Source records:
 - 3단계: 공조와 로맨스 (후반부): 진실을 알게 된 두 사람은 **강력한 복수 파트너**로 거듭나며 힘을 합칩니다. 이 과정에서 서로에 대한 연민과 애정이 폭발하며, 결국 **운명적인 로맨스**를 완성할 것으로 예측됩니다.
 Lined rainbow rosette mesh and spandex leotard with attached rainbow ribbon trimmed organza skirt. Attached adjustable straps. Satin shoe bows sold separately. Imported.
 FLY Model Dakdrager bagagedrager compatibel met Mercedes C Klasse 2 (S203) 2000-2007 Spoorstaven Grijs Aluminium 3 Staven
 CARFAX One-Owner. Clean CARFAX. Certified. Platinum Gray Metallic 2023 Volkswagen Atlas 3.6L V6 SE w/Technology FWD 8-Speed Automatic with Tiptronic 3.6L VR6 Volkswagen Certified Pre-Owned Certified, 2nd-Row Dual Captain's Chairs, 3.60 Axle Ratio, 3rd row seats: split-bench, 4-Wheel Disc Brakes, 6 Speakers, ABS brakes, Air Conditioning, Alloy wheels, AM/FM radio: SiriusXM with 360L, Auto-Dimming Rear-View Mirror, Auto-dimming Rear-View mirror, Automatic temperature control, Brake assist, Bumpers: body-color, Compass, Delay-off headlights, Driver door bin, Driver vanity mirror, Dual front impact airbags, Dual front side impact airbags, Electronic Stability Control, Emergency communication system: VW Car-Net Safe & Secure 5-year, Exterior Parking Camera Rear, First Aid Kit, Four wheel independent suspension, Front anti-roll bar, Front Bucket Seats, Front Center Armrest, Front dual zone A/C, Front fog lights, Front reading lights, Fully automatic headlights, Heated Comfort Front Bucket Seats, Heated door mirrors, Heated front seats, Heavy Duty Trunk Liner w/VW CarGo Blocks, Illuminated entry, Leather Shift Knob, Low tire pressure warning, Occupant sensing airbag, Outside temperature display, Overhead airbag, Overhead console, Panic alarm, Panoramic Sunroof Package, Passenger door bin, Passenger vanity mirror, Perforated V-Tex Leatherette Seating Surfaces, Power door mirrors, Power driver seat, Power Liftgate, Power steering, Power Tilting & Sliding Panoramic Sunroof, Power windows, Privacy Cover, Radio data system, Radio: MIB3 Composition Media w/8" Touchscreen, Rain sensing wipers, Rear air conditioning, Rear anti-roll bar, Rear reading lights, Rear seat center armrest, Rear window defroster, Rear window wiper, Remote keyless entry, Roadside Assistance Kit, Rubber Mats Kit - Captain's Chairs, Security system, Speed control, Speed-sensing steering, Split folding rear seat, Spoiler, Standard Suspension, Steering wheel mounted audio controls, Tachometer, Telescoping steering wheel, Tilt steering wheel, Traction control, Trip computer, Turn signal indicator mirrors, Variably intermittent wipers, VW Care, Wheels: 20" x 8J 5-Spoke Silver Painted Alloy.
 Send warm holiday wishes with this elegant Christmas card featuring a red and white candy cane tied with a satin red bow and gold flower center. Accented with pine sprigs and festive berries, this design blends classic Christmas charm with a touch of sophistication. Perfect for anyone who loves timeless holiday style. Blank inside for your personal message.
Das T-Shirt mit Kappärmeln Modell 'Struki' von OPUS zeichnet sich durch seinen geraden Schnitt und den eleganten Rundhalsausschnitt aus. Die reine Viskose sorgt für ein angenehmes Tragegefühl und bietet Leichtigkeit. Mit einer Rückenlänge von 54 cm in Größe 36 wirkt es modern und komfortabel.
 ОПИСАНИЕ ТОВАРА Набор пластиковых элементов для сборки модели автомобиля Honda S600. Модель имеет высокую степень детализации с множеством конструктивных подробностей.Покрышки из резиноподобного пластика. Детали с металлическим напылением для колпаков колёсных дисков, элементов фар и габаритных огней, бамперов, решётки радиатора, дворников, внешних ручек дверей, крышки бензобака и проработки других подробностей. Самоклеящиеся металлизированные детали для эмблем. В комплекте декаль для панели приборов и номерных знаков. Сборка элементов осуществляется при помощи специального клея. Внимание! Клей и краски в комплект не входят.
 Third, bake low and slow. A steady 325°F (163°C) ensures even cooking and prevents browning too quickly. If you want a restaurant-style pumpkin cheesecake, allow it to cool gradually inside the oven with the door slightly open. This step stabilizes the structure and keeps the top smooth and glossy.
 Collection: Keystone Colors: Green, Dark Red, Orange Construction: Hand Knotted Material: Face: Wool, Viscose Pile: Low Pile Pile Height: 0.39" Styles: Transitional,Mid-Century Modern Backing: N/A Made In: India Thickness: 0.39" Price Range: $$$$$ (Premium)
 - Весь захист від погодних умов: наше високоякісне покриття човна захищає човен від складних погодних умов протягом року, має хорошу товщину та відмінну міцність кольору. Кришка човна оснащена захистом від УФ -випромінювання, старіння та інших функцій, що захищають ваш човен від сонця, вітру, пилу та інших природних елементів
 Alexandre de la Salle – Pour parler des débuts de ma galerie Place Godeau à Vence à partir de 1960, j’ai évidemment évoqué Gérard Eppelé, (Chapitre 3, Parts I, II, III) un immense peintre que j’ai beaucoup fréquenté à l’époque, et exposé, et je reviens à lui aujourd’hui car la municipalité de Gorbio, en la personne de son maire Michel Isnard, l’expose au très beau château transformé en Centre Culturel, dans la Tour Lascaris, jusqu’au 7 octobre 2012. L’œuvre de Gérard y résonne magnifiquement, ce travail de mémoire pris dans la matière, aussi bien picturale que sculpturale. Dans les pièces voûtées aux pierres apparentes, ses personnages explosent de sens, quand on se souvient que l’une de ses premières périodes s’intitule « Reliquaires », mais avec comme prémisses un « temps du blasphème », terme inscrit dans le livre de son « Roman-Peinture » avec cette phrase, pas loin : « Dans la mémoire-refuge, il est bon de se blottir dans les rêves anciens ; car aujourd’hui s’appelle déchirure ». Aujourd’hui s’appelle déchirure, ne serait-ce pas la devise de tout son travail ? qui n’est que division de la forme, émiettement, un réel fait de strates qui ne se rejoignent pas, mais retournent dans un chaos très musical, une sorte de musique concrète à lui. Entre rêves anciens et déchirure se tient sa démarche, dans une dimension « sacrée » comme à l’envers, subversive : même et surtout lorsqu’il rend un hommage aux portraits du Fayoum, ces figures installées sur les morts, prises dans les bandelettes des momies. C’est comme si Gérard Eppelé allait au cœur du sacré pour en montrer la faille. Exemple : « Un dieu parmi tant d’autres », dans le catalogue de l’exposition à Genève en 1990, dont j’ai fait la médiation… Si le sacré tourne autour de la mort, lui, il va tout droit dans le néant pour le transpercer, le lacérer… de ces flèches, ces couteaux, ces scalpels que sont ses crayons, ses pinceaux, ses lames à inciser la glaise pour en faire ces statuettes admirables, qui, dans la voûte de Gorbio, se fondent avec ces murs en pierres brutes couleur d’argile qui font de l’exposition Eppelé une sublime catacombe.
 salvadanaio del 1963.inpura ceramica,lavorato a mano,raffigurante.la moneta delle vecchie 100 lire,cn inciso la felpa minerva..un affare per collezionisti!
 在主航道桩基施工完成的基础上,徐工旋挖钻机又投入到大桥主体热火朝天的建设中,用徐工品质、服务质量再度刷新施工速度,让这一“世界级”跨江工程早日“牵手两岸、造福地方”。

> **EXERCISE DETAILS**: Transcribe the data in full, matching every line exactly.

> **RESULT OF THIS TASK**:
 - 3단계: 공조와 로맨스 (후반부): 진실을 알게 된 두 사람은 **강력한 복수 파트너**로 거듭나며 힘을 합칩니다. 이 과정에서 서로에 대한 연민과 애정이 폭발하며, 결국 **운명적인 로맨스**를 완성할 것으로 예측됩니다.
 Lined rainbow rosette mesh and spandex leotard with attached rainbow ribbon trimmed organza skirt. Attached adjustable straps. Satin shoe bows sold separately. Imported.
 FLY Model Dakdrager bagagedrager compatibel met Mercedes C Klasse 2 (S203) 2000-2007 Spoorstaven Grijs Aluminium 3 Staven
 CARFAX One-Owner. Clean CARFAX. Certified. Platinum Gray Metallic 2023 Volkswagen Atlas 3.6L V6 SE w/Technology FWD 8-Speed Automatic with Tiptronic 3.6L VR6 Volkswagen Certified Pre-Owned Certified, 2nd-Row Dual Captain's Chairs, 3.60 Axle Ratio, 3rd row seats: split-bench, 4-Wheel Disc Brakes, 6 Speakers, ABS brakes, Air Conditioning, Alloy wheels, AM/FM radio: SiriusXM with 360L, Auto-Dimming Rear-View Mirror, Auto-dimming Rear-View mirror, Automatic temperature control, Brake assist, Bumpers: body-color, Compass, Delay-off headlights, Driver door bin, Driver vanity mirror, Dual front impact airbags, Dual front side impact airbags, Electronic Stability Control, Emergency communication system: VW Car-Net Safe & Secure 5-year, Exterior Parking Camera Rear, First Aid Kit, Four wheel independent suspension, Front anti-roll bar, Front Bucket Seats, Front Center Armrest, Front dual zone A/C, Front fog lights, Front reading lights, Fully automatic headlights, Heated Comfort Front Bucket Seats, Heated door mirrors, Heated front seats, Heavy Duty Trunk Liner w/VW CarGo Blocks, Illuminated entry, Leather Shift Knob, Low tire pressure warning, Occupant sensing airbag, Outside temperature display, Overhead airbag, Overhead console, Panic alarm, Panoramic Sunroof Package, Passenger door bin, Passenger vanity mirror, Perforated V-Tex Leatherette Seating Surfaces, Power door mirrors, Power driver seat, Power Liftgate, Power steering, Power Tilting & Sliding Panoramic Sunroof, Power windows, Privacy Cover, Radio data system, Radio: MIB3 Composition Media w/8" Touchscreen, Rain sensing wipers, Rear air conditioning, Rear anti-roll bar, Rear reading lights, Rear seat center armrest, Rear window defroster, Rear window wiper, Remote keyless entry, Roadside Assistance Kit, Rubber Mats Kit - Captain's Chairs, Security system, Speed control, Speed-sensing steering, Split folding rear seat, Spoiler, Standard Suspension, Steering wheel mounted audio controls, Tachometer, Telescoping steering wheel, Tilt steering wheel, Traction control, Trip computer, Turn signal indicator mirrors, Variably intermittent wipers, VW Care, Wheels: 20" x 8J 5-Spoke Silver Painted Alloy.
 Send warm holiday wishes with this elegant Christmas card featuring a red and white candy cane tied with a satin red bow and gold flower center. Accented with pine sprigs and festive berries, this design blends classic Christmas charm with a touch of sophistication. Perfect for anyone who loves timeless holiday style. Blank inside for your personal message.
Das T-Shirt mit Kappärmeln Modell 'Struki' von OPUS zeichnet sich durch seinen geraden Schnitt und den eleganten Rundhalsausschnitt aus. Die reine Viskose sorgt für ein angenehmes Tragegefühl und bietet Leichtigkeit. Mit einer Rückenlänge von 54 cm in Größe 36 wirkt es modern und komfortabel.
 ОПИСАНИЕ ТОВАРА Набор пластиковых элементов для сборки модели автомобиля Honda S600. Модель имеет высокую степень детализации с множеством конструктивных подробностей.Покрышки из резиноподобного пластика. Детали с металлическим напылением для колпаков колёсных дисков, элементов фар и габаритных огней, бамперов, решётки радиатора, дворников, внешних ручек дверей, крышки бензобака и проработки других подробностей. Самоклеящиеся металлизированные детали для эмблем. В комплекте декаль для панели приборов и номерных знаков. Сборка элементов осуществляется при помощи специального клея. Внимание! Клей и краски в комплект не входят.
 Third, bake low and slow. A steady 325°F (163°C) ensures even cooking and prevents browning too quickly. If you want a restaurant-style pumpkin cheesecake, allow it to cool gradually inside the oven with the door slightly open. This step stabilizes the structure and keeps the top smooth and glossy.
 Collection: Keystone Colors: Green, Dark Red, Orange Construction: Hand Knotted Material: Face: Wool, Viscose Pile: Low Pile Pile Height: 0.39" Styles: Transitional,Mid-Century Modern Backing: N/A Made In: India Thickness: 0.39" Price Range: $$$$$ (Premium)
 - Весь захист від погодних умов: наше високоякісне покриття човна захищає човен від складних погодних умов протягом року, має хорошу товщину та відмінну міцність кольору. Кришка човна оснащена захистом від УФ -випромінювання, старіння та інших функцій, що захищають ваш човен від сонця, вітру, пилу та інших природних елементів
 Alexandre de la Salle – Pour parler des débuts de ma galerie Place Godeau à Vence à partir de 1960, j’ai évidemment évoqué Gérard Eppelé, (Chapitre 3, Parts I, II, III) un immense peintre que j’ai beaucoup fréquenté à l’époque, et exposé, et je reviens à lui aujourd’hui car la municipalité de Gorbio, en la personne de son maire Michel Isnard, l’expose au très beau château transformé en Centre Culturel, dans la Tour Lascaris, jusqu’au 7 octobre 2012. L’œuvre de Gérard y résonne magnifiquement, ce travail de mémoire pris dans la matière, aussi bien picturale que sculpturale. Dans les pièces voûtées aux pierres apparentes, ses personnages explosent de sens, quand on se souvient que l’une de ses premières périodes s’intitule « Reliquaires », mais avec comme prémisses un « temps du blasphème », terme inscrit dans le livre de son « Roman-Peinture » avec cette phrase, pas loin : « Dans la mémoire-refuge, il est bon de se blottir dans les rêves anciens ; car aujourd’hui s’appelle déchirure ». Aujourd’hui s’appelle déchirure, ne serait-ce pas la devise de tout son travail ? qui n’est que division de la forme, émiettement, un réel fait de strates qui ne se rejoignent pas, mais retournent dans un chaos très musical, une sorte de musique concrète à lui. Entre rêves anciens et déchirure se tient sa démarche, dans une dimension « sacrée » comme à l’envers, subversive : même et surtout lorsqu’il rend un hommage aux portraits du Fayoum, ces figures installées sur les morts, prises dans les bandelettes des momies. C’est comme si Gérard Eppelé allait au cœur du sacré pour en montrer la faille. Exemple : « Un dieu parmi tant d’autres », dans le catalogue de l’exposition à Genève en 1990, dont j’ai fait la médiation… Si le sacré tourne autour de la mort, lui, il va tout droit dans le néant pour le transpercer, le lacérer… de ces flèches, ces couteaux, ces scalpels que sont ses crayons, ses pinceaux, ses lames à inciser la glaise pour en faire ces statuettes admirables, qui, dans la voûte de Gorbio, se fondent avec ces murs en pierres brutes couleur d’argile qui font de l’exposition Eppelé une sublime catacombe.
 salvadanaio del 1963.inpura ceramica,lavorato a mano,raffigurante.la moneta delle vecchie 100 lire,cn inciso la felpa minerva..un affare per collezionisti!
 在主航道桩基施工完成的基础上,徐工旋挖钻机又投入到大桥主体热火朝天的建设中,用徐工品质、服务质量再度刷新施工速度,让这一“世界级”跨江工程早日“牵手两岸、造福地方”。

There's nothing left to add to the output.